A couple of recent discussions have brought this into question for me.
I’m specifically thinking about how it is/should be implemented in emonHub but I now wonder if this is actually a more global question. Since I do not regularly use MQTT for various reasons, it might just be that I’m over looking something or maybe there is an issue, but it can be easily overcome.
The posts I refer to are the “Mqtt_input service high memory usage” thread that got me thinking about MQTT QoS and what that means to the route to emoncms. The other post was “Data not logged locally” which made me question the value of the QoS 2 settings and therefore question the suitability of using MQTT to post to emoncms with the current emoncms implementation.
When MQTT is published with a QOS level of 2 “exactly once” it involves buffering the data until receipt is confirmed (twice per connection) and since all MQTT involves 2 connections, 1 to the broker and 1 from the broker. What is unclear to me is what is happening with the queue(s). I did find a blog post that says the queue is “FIFO” but that isn’t official documentation.
For now I will assume that to be the case, it’s what I would expect or at least hope for. If the buffered messages do not get released in order once a connection is re-established, that raises another question around the fact that emoncms can only post data in chronological order, this is more so with the “buffered-write” implementation of the low-write mode of emoncms, but because the “buffered-write” mode makes it so difficult to insert data and the low-write mode is essential to the widely used sdcard operation of the emonSD, the insert function’s and api’s do not get developed, so essentially it would apply to all emoncms installs.
The main concern is whether the benifit of QoS 2 is being felt in emoncms, or is it just adding extra processing and slowing the connection down that much that it creates a queue that is unlikely to reach it’s destination.
From what I understand for the FIFO buffer and therefore QoS 2 to work there must be a solid connection that never disconnects (when there is a queue) or the connection between emoncms and the broker must be made “persistent” (see Persistent Session and Queuing Messages - MQTT Essentials: Part 7).
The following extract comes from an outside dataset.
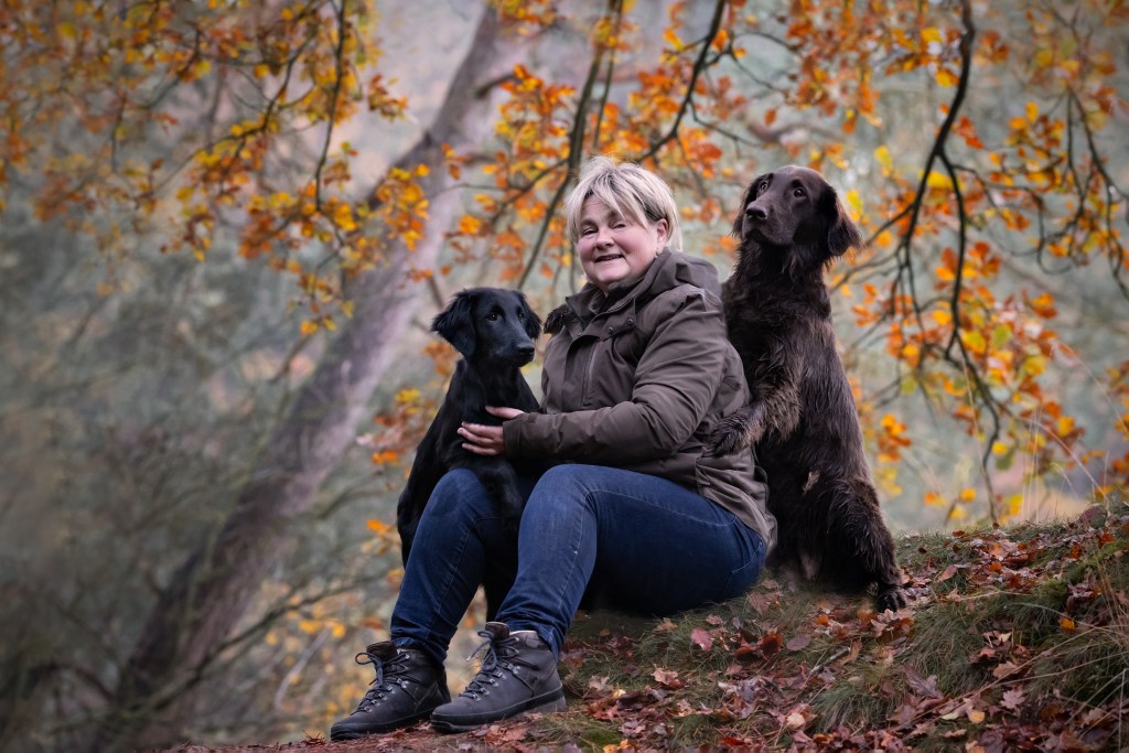 Yvonne & her two flatcoated retrievers Ylva & Kaya

To create a “persistent” MQTT connection the client must supply a client id so that the buffered queue can be repatriated with the correct client. Ordinarily it seems that the default connection method is a “clean” session, which basically tells the broker the new connection is not interested in any previously queued data and that once disconnected, it will not want any data queued until it reconnects. This undermines the intention of using QoS 2 (or even 1) in emoncms applications.
Looking at the docs for the MQTT lib used in emoncms, it seems the constructor needs to be called with a client ID and cleanSession = false
(see Mosquitto\Client — Mosquitto-PHP 0.4.0 documentation).
Currently emoncms constucts a MQTT client with no parameters
So each time it disconnects and reconnects it is assigned a new random Client ID by the broker, a null/omitted client ID implies a cleanSession = true
so no queued data will be passed on re-connection. Essentially, every time there is a dis-connect and reconnect emoncms is starting a fresh connection, even when there is queued data for the taking, emoncms will not receive that data. QoS 2, in this instance doesn’t persist a break in the connection, no matter how short or prolonged it is. Unfortunately, emoncms see’s a huge number of reconnects so I assume there is little or no queued data making it to emoncms.
I believe that we should be at least supplying a client id parameter in the mqtt client constructor, the cleanSession = false
might be implied by supplying the Client ID, might be better to explicitly set it false
anyway.
I suggest we (currently) use the write apikey of the first user, this will currently work as only the first user has mqtt inputs capability in emoncms. We don’t want a hardcoded client id incase more than one emoncms instance is connected to any one broker, but when the mqtt_input becomes multi-user, we do not want this Client id to be per user, so maybe we need a unique ref for each emoncms (in settings.php?), or we can continue to use the apikey of “the admin”, assuming only one admin user.
I have submitted a PR to the emoncms repo for consideration, but I have not tested it, it is predominantly to get a discussion going. But if anyone feels like trying it out, please do, we can devise a test to determine if it works by taking emoncms offline for a few minutes whilst a queue builds up in the broker and then restart emoncms to see if the data is complete, both with and without the “client id”.
Can anyone confirm or disprove my ramblings?